PROBLEM DESCRIPTION: Output, exactly as written, the lines below from the one that has "Elegant all in" through the one that has "Champion Jack Dupree - Champion"; nothing else, and no pictures.

ENTRIES SHOWN:
***

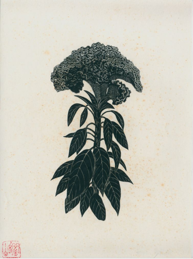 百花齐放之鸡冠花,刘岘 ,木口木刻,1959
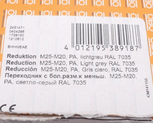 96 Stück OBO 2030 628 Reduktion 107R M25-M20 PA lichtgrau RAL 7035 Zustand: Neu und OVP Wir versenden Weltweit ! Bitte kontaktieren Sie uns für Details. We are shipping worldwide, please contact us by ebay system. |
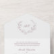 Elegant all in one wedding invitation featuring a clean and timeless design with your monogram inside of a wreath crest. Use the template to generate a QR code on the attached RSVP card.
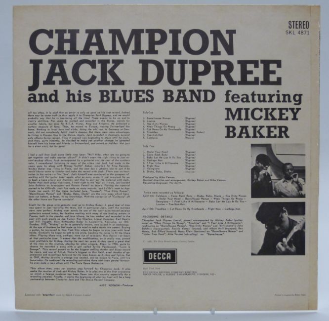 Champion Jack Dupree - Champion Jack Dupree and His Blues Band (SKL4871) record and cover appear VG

***

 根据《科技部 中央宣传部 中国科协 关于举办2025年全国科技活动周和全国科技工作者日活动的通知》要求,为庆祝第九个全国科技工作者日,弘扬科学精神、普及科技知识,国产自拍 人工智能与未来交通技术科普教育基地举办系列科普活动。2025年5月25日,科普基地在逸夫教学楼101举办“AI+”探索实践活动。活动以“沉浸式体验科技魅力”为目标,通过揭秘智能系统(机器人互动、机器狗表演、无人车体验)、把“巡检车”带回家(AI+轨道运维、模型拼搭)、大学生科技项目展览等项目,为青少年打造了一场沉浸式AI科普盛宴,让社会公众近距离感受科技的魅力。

***

RESPONSE BOX:
 Elegant all in one wedding invitation featuring a clean and timeless design with your monogram inside of a wreath crest. Use the template to generate a QR code on the attached RSVP card.
 Champion Jack Dupree - Champion Jack Dupree and His Blues Band (SKL4871) record and cover appear VG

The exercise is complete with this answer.